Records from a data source
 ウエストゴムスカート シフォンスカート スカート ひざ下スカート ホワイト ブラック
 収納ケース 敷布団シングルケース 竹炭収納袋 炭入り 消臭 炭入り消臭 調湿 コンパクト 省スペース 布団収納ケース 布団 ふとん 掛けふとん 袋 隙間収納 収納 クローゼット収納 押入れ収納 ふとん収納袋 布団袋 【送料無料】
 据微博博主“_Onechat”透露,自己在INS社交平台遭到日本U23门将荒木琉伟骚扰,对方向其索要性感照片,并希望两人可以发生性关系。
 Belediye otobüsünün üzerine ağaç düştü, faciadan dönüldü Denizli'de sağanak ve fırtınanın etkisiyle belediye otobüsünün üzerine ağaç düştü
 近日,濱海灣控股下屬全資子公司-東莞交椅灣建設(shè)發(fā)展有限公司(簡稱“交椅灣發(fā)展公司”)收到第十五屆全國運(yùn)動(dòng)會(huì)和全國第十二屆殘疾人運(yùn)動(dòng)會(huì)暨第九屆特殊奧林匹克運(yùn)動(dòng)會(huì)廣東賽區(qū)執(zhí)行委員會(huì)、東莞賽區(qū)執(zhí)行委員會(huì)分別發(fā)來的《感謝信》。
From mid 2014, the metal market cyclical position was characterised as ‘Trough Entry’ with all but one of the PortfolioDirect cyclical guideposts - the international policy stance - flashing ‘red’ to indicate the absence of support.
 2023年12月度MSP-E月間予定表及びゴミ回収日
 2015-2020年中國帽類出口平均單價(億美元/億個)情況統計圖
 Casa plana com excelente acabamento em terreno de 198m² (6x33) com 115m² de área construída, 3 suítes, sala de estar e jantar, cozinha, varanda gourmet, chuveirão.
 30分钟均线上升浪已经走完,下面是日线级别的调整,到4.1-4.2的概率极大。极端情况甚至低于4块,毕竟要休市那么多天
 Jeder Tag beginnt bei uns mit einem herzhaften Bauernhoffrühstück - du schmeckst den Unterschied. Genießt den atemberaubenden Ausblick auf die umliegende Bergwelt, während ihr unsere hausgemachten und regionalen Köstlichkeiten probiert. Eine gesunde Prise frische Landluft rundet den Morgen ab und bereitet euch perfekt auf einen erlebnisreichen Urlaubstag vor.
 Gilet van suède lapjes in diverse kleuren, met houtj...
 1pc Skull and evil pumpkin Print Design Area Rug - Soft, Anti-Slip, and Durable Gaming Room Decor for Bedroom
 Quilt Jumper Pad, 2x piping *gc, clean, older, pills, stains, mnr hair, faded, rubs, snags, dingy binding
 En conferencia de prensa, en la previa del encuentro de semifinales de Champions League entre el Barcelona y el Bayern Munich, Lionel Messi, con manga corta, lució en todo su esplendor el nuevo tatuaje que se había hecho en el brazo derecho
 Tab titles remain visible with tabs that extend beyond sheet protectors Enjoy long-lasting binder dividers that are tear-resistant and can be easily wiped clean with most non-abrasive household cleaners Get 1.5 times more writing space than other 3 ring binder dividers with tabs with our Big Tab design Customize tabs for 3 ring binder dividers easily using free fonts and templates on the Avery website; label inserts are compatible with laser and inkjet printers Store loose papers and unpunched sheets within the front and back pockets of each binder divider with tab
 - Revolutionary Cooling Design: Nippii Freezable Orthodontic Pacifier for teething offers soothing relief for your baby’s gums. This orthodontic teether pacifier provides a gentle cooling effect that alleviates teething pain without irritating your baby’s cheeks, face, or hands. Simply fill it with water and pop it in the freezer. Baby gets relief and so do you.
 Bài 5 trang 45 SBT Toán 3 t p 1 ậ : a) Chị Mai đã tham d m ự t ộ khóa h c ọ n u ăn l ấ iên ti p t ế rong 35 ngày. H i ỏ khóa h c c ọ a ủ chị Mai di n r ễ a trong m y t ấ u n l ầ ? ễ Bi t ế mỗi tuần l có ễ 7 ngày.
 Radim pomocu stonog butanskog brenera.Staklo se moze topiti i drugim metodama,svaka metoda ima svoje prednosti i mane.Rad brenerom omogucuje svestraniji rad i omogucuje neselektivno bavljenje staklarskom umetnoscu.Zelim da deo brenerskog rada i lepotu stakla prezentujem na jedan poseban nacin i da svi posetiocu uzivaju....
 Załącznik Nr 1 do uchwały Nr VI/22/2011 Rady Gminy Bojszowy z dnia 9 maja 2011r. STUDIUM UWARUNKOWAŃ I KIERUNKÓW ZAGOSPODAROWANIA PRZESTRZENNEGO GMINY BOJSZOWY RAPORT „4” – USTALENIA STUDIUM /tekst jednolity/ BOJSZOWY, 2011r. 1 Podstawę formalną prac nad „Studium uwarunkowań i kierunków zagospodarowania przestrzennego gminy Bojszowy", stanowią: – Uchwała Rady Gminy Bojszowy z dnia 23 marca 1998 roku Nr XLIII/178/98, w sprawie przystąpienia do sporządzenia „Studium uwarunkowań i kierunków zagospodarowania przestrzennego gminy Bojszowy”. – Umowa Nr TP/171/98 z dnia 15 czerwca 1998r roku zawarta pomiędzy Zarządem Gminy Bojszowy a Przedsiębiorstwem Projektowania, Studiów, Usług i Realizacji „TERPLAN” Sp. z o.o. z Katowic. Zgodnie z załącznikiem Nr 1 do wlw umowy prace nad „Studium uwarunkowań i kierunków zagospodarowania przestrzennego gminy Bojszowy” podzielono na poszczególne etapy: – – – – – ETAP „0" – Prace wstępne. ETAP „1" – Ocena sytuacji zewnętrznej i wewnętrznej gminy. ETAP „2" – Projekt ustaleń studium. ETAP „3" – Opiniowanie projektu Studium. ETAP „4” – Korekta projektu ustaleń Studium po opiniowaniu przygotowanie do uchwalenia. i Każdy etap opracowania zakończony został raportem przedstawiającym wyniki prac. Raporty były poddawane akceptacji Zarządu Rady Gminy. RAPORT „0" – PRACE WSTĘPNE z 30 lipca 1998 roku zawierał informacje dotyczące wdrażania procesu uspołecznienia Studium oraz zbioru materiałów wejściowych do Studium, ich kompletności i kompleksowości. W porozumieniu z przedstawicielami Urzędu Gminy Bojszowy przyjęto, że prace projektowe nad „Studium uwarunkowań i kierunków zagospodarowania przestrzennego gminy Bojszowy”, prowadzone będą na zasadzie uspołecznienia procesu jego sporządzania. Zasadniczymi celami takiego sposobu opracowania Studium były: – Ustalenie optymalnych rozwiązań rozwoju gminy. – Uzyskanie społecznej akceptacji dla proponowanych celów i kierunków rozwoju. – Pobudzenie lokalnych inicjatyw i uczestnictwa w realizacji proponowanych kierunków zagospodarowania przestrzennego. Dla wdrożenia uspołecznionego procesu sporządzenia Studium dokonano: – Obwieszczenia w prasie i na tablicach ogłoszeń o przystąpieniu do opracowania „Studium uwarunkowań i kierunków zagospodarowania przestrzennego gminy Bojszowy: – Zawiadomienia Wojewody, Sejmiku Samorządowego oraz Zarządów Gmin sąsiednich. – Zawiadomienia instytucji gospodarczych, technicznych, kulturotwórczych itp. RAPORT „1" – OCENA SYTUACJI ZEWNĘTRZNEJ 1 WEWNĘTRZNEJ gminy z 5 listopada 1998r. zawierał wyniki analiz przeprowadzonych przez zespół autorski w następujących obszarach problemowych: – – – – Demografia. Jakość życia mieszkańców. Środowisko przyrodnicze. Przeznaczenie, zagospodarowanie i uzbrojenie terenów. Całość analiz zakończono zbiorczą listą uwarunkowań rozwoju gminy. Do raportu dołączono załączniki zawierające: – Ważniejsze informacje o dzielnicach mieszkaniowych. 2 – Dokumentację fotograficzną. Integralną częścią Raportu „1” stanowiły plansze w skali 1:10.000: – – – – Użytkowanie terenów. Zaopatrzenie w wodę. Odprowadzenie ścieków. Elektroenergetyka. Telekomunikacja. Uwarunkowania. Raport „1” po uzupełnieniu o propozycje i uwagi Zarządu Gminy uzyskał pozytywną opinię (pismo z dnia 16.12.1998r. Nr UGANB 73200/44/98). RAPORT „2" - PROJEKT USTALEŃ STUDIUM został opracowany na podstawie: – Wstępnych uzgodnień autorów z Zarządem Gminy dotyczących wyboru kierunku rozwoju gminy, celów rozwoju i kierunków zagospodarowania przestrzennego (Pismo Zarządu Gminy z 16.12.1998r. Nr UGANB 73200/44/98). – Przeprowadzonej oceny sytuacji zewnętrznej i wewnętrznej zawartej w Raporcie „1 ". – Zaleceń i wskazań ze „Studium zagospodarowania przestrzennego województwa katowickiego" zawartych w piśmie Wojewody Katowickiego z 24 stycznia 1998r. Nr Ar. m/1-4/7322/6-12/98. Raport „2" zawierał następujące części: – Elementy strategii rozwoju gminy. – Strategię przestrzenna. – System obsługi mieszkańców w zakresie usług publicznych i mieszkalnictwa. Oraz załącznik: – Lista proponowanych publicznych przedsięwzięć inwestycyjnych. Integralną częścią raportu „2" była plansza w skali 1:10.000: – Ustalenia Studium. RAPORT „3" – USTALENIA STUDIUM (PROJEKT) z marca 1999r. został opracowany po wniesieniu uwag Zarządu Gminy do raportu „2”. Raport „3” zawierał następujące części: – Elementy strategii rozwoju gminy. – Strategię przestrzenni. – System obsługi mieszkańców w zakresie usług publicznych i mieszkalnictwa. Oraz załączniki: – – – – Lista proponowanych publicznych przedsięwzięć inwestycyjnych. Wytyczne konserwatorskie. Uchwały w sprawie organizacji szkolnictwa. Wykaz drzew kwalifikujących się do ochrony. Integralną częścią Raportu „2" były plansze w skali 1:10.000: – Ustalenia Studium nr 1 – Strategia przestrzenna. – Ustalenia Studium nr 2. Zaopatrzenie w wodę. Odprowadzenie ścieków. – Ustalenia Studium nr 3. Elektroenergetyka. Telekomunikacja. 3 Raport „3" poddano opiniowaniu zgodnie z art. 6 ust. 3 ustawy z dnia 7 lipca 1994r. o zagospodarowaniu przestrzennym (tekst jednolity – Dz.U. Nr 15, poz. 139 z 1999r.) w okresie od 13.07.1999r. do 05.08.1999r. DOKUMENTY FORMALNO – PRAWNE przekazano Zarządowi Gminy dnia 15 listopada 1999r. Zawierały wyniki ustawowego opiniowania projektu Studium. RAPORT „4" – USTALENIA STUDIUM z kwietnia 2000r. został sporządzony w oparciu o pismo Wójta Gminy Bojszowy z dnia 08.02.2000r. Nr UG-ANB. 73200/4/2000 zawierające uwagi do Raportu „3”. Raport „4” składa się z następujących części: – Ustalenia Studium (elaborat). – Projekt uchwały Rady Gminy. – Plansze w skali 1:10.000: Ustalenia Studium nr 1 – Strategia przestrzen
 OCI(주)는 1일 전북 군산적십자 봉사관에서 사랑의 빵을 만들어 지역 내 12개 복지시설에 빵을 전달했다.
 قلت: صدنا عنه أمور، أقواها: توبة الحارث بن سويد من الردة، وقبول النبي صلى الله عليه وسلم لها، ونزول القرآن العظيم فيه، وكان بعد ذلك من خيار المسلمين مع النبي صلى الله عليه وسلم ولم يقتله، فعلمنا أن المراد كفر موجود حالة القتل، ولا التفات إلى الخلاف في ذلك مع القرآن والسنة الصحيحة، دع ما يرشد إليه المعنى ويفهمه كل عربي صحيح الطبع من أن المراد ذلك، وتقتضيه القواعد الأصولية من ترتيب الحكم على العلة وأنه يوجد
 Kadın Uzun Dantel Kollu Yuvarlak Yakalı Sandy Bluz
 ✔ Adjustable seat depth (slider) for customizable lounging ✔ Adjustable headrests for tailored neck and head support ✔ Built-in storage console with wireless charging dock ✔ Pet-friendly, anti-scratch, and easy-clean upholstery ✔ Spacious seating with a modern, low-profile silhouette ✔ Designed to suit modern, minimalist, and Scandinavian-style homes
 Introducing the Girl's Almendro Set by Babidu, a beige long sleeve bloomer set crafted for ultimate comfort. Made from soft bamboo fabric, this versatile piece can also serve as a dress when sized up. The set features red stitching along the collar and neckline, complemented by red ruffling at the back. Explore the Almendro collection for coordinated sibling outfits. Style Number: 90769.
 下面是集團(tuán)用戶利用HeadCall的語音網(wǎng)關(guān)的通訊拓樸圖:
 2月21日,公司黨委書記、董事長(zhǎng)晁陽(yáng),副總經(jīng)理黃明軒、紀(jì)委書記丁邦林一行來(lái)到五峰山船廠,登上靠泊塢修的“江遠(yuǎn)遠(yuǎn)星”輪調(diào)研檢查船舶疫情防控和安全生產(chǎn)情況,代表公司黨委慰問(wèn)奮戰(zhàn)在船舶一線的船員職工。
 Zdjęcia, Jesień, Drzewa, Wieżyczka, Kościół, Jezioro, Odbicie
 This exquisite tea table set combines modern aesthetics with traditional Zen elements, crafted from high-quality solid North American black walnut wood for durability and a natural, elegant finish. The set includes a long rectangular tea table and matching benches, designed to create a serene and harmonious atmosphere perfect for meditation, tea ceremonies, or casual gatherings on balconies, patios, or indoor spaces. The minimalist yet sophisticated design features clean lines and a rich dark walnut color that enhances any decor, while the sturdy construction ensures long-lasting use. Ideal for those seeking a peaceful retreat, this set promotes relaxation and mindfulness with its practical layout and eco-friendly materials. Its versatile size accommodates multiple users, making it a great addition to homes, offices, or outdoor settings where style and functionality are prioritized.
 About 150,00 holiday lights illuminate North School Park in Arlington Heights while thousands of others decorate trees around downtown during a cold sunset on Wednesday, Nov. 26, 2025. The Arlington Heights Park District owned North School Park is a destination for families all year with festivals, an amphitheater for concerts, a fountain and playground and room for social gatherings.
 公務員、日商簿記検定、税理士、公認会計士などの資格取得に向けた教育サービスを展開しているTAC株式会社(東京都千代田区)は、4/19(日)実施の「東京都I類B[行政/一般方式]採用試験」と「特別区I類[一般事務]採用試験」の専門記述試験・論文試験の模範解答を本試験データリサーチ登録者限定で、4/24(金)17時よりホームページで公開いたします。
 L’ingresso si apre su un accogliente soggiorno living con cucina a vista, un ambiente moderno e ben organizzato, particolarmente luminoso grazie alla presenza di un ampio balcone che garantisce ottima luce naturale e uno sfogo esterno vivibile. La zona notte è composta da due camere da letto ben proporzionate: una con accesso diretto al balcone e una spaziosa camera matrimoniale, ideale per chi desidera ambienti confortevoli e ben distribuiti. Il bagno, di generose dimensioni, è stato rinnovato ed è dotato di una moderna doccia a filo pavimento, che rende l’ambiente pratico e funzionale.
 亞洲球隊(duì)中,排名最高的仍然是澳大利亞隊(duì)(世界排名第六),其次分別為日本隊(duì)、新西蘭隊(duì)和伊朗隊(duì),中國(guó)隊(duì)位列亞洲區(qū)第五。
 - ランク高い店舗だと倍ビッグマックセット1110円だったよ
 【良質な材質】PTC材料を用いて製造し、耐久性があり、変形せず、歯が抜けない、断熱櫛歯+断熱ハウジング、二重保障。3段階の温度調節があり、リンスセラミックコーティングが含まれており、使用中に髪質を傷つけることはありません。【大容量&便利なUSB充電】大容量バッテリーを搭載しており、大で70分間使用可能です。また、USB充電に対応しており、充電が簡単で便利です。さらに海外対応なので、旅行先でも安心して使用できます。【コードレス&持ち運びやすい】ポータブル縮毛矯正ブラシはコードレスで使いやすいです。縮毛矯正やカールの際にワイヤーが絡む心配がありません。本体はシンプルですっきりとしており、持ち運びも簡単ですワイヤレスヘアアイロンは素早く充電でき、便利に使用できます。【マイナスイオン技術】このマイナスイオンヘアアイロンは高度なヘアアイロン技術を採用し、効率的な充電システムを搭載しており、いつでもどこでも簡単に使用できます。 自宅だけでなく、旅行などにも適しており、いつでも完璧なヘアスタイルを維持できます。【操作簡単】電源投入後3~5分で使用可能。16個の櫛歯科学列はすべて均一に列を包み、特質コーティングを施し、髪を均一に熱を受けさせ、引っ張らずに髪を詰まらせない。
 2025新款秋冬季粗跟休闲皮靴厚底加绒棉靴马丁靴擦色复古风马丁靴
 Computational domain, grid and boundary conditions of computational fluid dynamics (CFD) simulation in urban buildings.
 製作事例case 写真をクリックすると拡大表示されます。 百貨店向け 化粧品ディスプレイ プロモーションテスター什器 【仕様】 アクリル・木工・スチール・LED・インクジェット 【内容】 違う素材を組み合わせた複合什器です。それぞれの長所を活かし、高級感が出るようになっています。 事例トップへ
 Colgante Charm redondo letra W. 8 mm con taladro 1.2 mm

> [Exercise]:
Restate word for word only the lines above from the line containing "Kadın Uzun Dantel" to the line containing "This exquisite tea", both of them included.

> [Solution to this task]:
 Kadın Uzun Dantel Kollu Yuvarlak Yakalı Sandy Bluz
 ✔ Adjustable seat depth (slider) for customizable lounging ✔ Adjustable headrests for tailored neck and head support ✔ Built-in storage console with wireless charging dock ✔ Pet-friendly, anti-scratch, and easy-clean upholstery ✔ Spacious seating with a modern, low-profile silhouette ✔ Designed to suit modern, minimalist, and Scandinavian-style homes
 Introducing the Girl's Almendro Set by Babidu, a beige long sleeve bloomer set crafted for ultimate comfort. Made from soft bamboo fabric, this versatile piece can also serve as a dress when sized up. The set features red stitching along the collar and neckline, complemented by red ruffling at the back. Explore the Almendro collection for coordinated sibling outfits. Style Number: 90769.
 下面是集團(tuán)用戶利用HeadCall的語音網(wǎng)關(guān)的通訊拓樸圖:
 2月21日,公司黨委書記、董事長(zhǎng)晁陽(yáng),副總經(jīng)理黃明軒、紀(jì)委書記丁邦林一行來(lái)到五峰山船廠,登上靠泊塢修的“江遠(yuǎn)遠(yuǎn)星”輪調(diào)研檢查船舶疫情防控和安全生產(chǎn)情況,代表公司黨委慰問(wèn)奮戰(zhàn)在船舶一線的船員職工。
 Zdjęcia, Jesień, Drzewa, Wieżyczka, Kościół, Jezioro, Odbicie
 This exquisite tea table set combines modern aesthetics with traditional Zen elements, crafted from high-quality solid North American black walnut wood for durability and a natural, elegant finish. The set includes a long rectangular tea table and matching benches, designed to create a serene and harmonious atmosphere perfect for meditation, tea ceremonies, or casual gatherings on balconies, patios, or indoor spaces. The minimalist yet sophisticated design features clean lines and a rich dark walnut color that enhances any decor, while the sturdy construction ensures long-lasting use. Ideal for those seeking a peaceful retreat, this set promotes relaxation and mindfulness with its practical layout and eco-friendly materials. Its versatile size accommodates multiple users, making it a great addition to homes, offices, or outdoor settings where style and functionality are prioritized.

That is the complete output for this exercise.